My hon. Friend goes, as usual, right to the core of the issue. This is about habeas corpus; it is about the most fundamental British freedom there is.
When we have got through all the things I have mentioned, we come to what happens on day 28. I want to be helpful to the police. They might say, “I have somebody in my control who I am sure is a terrorist. I know that from everything I know. I can’t quite prove it, but I think I will get the evidence if I have got him for another few days.” What do we do then? We actually have something that we do then—it is called the threshold test. The test for charging somebody is allowable—we are allowed to charge them if we are convinced that they are guilty and that we will find the information shortly.

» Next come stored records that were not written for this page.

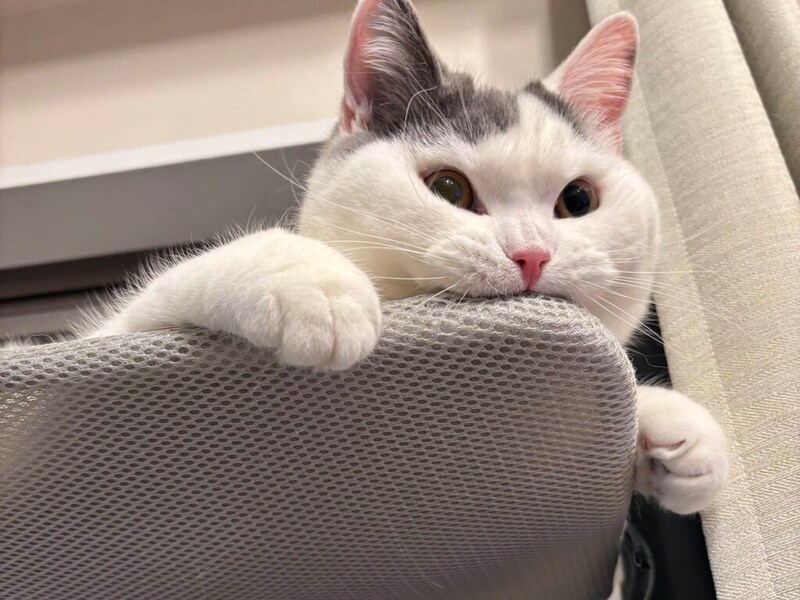 こんにちは。ボクはうずら。ブリティッシュショートヘアの1歳の男の子。5kg越えの、鍛えられたたくましいボディのもちぬしだよ。食いしん坊で、走り回ったり、イタズラが大好き。あとは、おっとり系兄ねこのハクマルのことも大好き。腰にある柄がおそろいなんだよ。でも性格は真逆なんだ。本誌2025年12月号にて、わたなべとしふみさんによるうずらの紹介イラストを掲載しています。
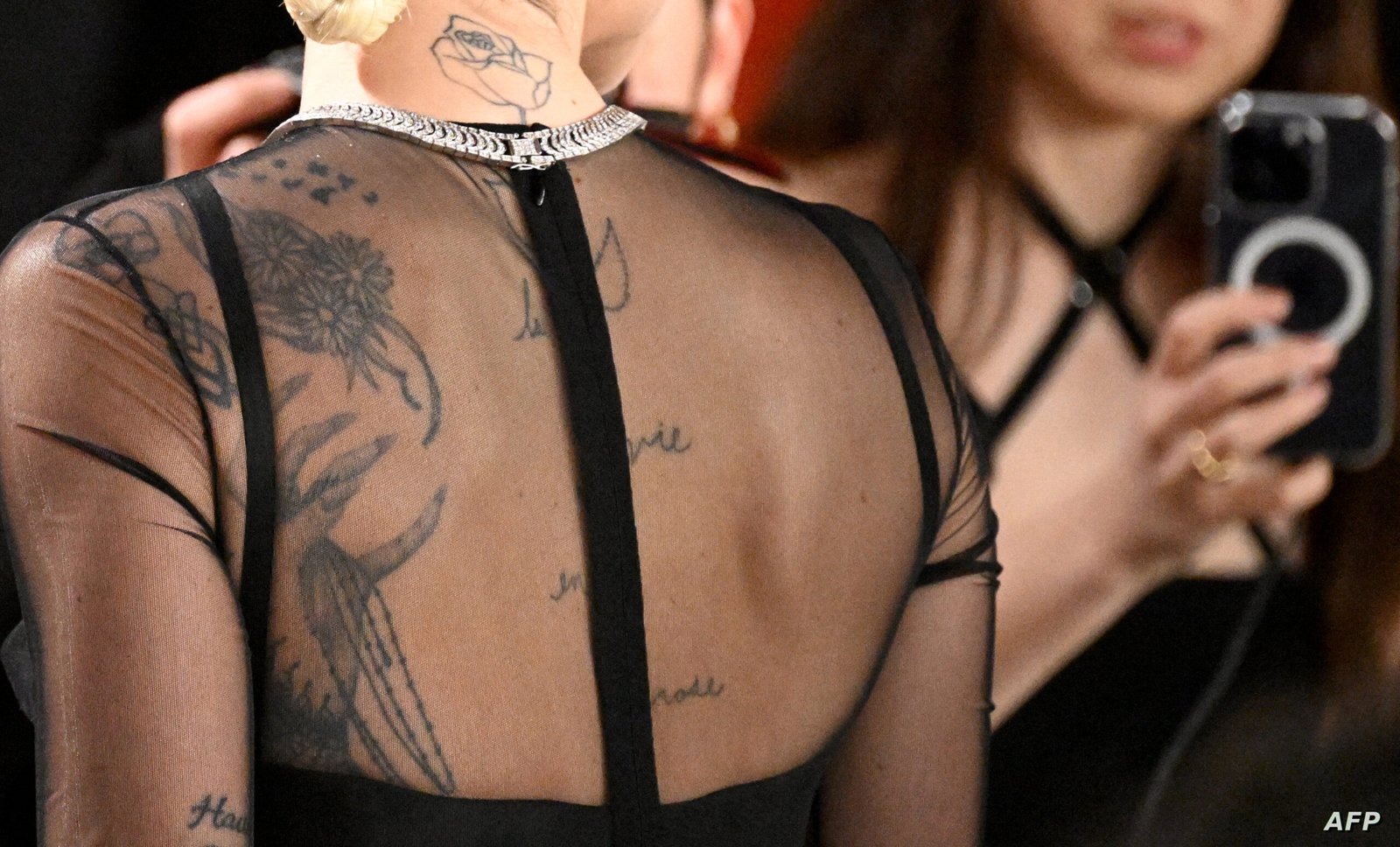 وفي ثوب أسود شفاف من فيرساتشي، عرضت ليدي غاغا ظهرها العاري.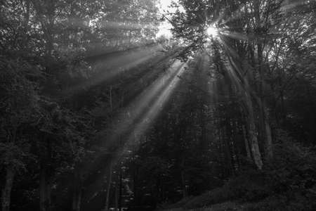 Beautiful scenery with light rays shining through foggy dark woods with evergreen trees in autumn morning. Beautiful wild forest at dawn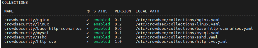 When installing crowdsec, “collections” of some systems that you have on your server are already pre-configured.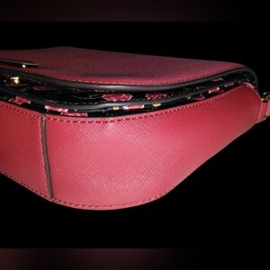 This stylish crossbody bag from Kate Spade features a vibrant red hue complemented by elegant floral accents, offering a perfect blend of modern design and timeless elegance. Its structured shape and metallic hardware add a sophisticated touch, making it an ideal accessory for any occasion.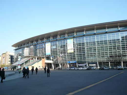 私が初めて見た釜山駅の正面はコンクリート製で、正面左側から3階へと続く大きなスロープが印象的だった。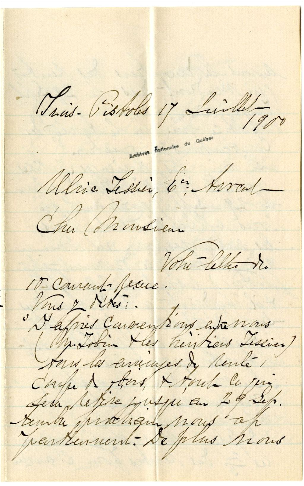 Lettre d'Alexandre Gagnon à Ulric Tessier concernant les coupes de bois de la seigneurie Nicolas Rioux, 17 juillet 1900, Archives nationales à Rimouski, Fonds Famille Tessier, (01R,P1,S3,SS2,P184).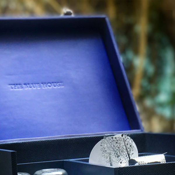 The collection also includes Holland blue coasters for an elegant touch and silver keys to securely lock the box.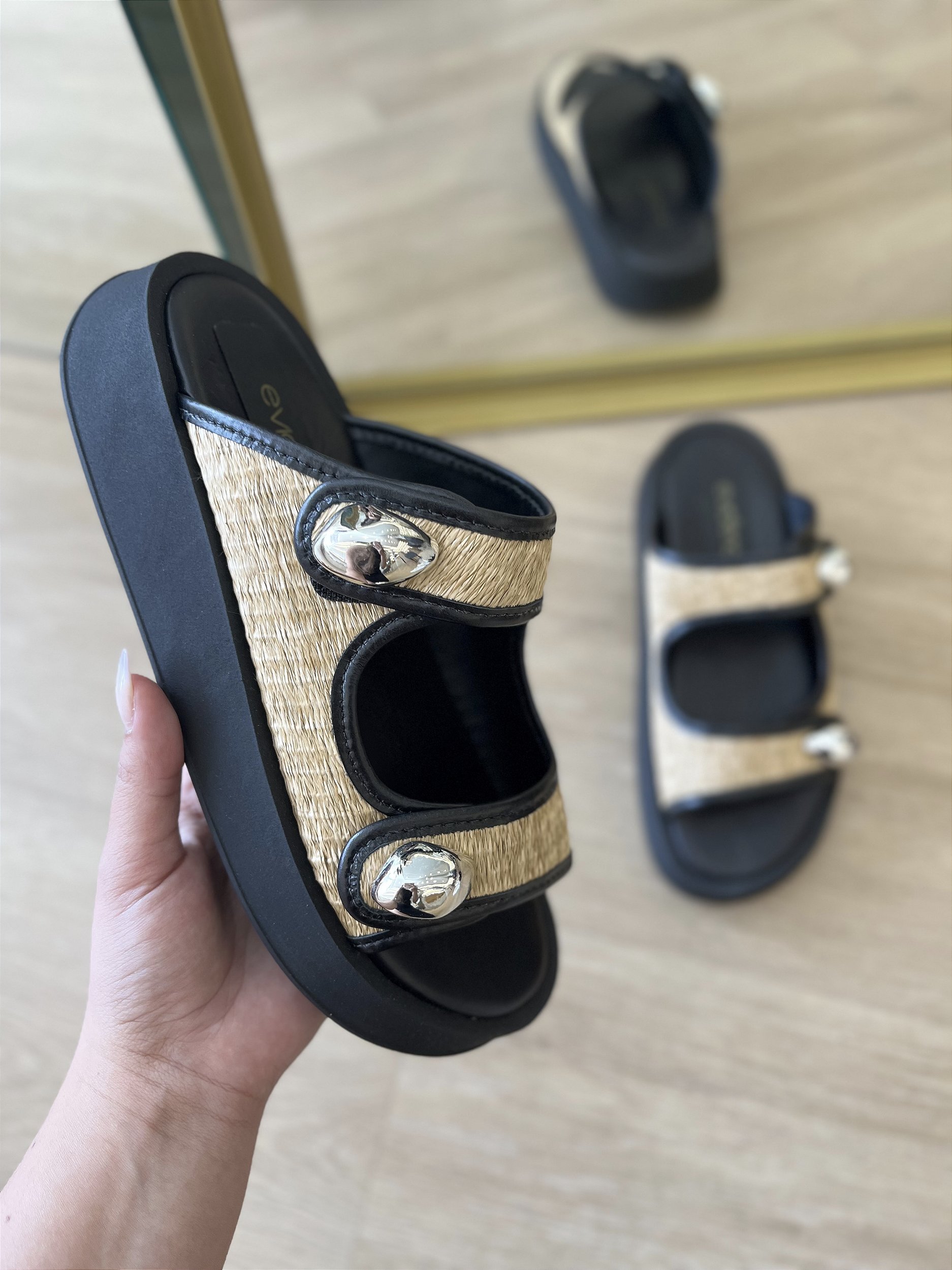 A Papete Daniela possui detalhe de palha e velcro nas duas tiras slides, solado emborrachado e a palmilha é extremamente confortável. Uma tendência que traz conforto e elegância para a mulher moderna!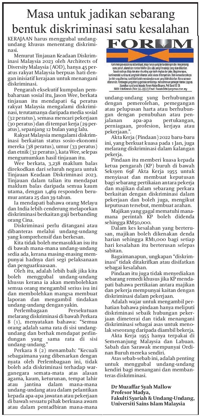 Masa untuk jadikan sebarang bentuk diskriminasi satu kesalahan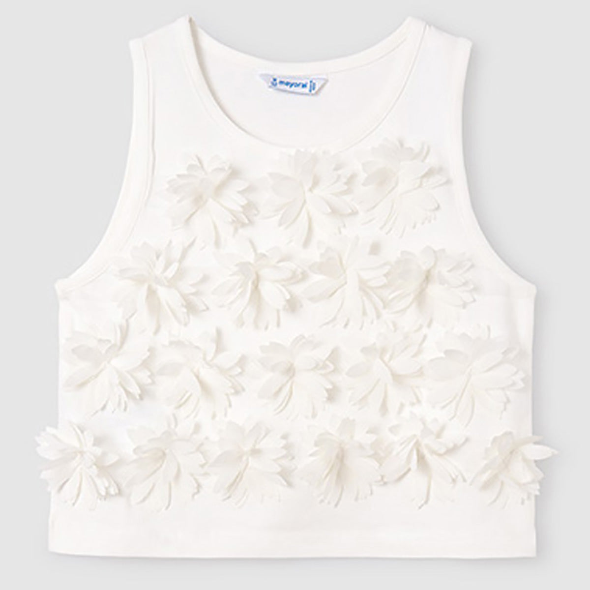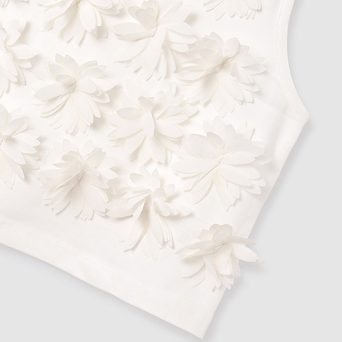 Mayoral - Flower Pop Embellished Sleeveless Top - White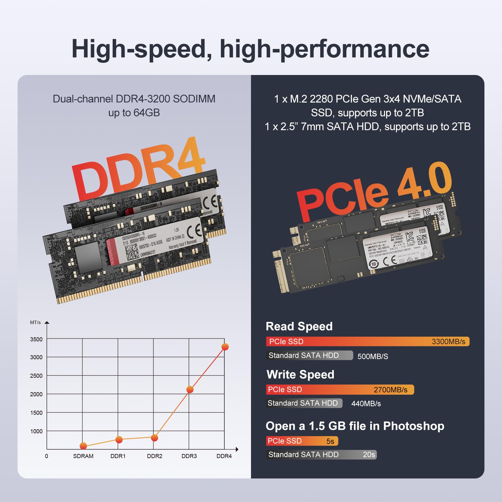 - Großer und schneller Speicher: Dieser Mini-PC ist mit Dual-Channel DDR4-3200 SODIMM-Speicher ausgestattet, der auf bis zu 64 GB erweitert werden kann, sowie mit zwei Speichersteckplätzen, einem für M.2 2280 PCIe Gen 3x4 NVMe/SATA SSD (bis zu 2 TB) und einem für 2,5" 7mm SATA HDD (bis zu 2 TB), die Ihnen viel Platz und Geschwindigkeit für Ihre Dateien, Programme und Spiele bieten.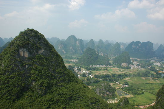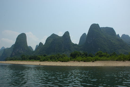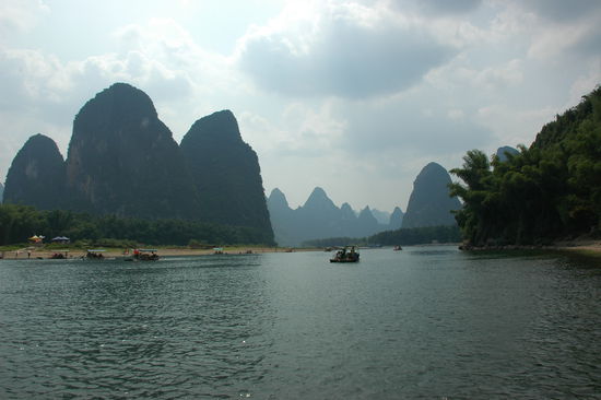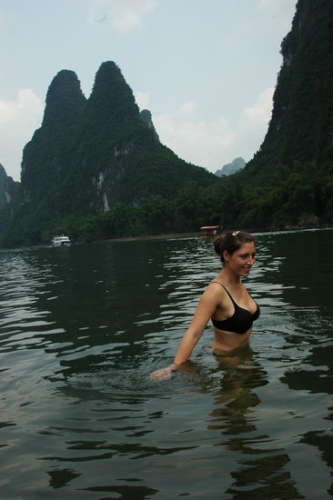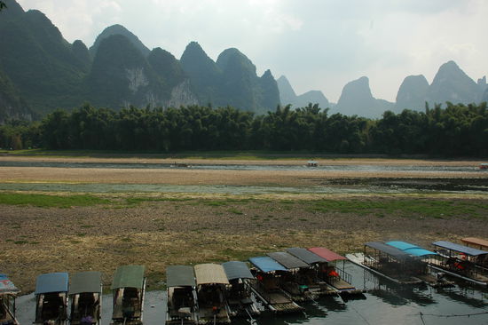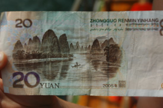 Die Wanderung, die fuer den letzten Tag in Yangshuo geplant war haben wir wegen der grossen Hitze gestrichen. Die Bootsfahrt auf dem Li-Fluss haben wir aber gemacht. Wunderschoen, die Karstberglandschaft rundherum. Wir haben natuerlich auch die Stelle gesehen, die auf dem 20 RMB-Schein abgebildet ist und davon Fotos gemacht. Das machen alle Touristen so.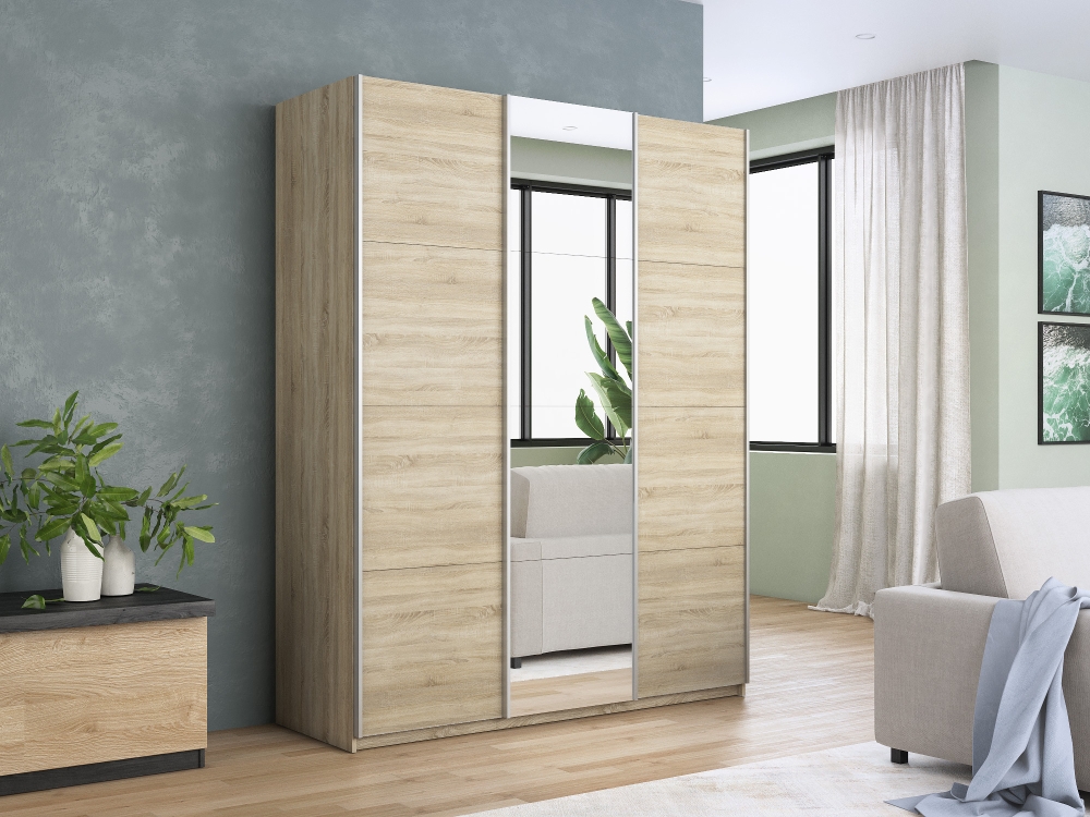 Шкаф-купе Прайм, 3дв. ДСП/Зеркало/ДСП/доводчики, 180х57х230, Сонома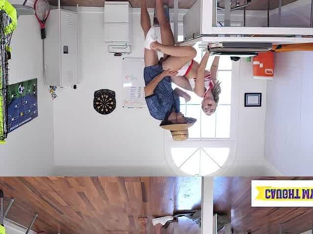 Asian Cheerleader s stretching routine interrupted by neighbor
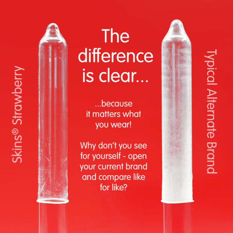 Maak kennis met onze nieuwe Strawberry 4-pack, met een strak, gebruiksklaar design en tot 33% meer condooms dan de marktleider. Voeg een klassieke fruitsmaak toe aan uw assortiment met Skins Strawberry condooms. Deze condooms zijn gemaakt van hoogwaardig natuurlijk latex voor een transparant, natuurlijk gevoel en voelen als een tweede huid zonder in te leveren op sterkte of veiligheid. Ideaal voor retailers die een populaire en vertrouwde smaak willen aanbieden voor extra intimiteit en bescherming.

I am not going to name the individual, but at one point in this process I asked to see the head of counter-terrorism and I talked to him about that. What shocked me was that he did not even understand the threshold test. Again, I cite my hon. Friend the Member for Esher and Walton as a witness, because he was at that same meeting. It is terrifying that our own forces did not know the weapons that they had at their command.
Right across the board, every piece of evidence to support the case for the provision falls down. The most fundamental one, which has been mentioned, although it was rather mocked by the shadow Home Secretary, is the approach of other countries. None of the problems that I have described as the case in support of 28 days is faced by us alone; every other common law authority has the same problems. Yet America charges in two days and indicts in 10, Canada does that in one day, New Zealand does it in two days and South Africa does it in two days. The nearest arrangement to ours is indicative, because it is Australia, which does it in 12 days. Its 12-day provision was a mistake, but 12 days is what it was. However, as we stand here, its Senate is taking through a law to reduce that to eight days, and the only controversy in Australia is about whether it should be lower, not about whether it should be higher.
The simple fact is that our policy is built on political machismo, not on effectiveness. What we have to do is recognise what all the other civilised countries in the world are doing and go in the right direction, which is to cut 28 days.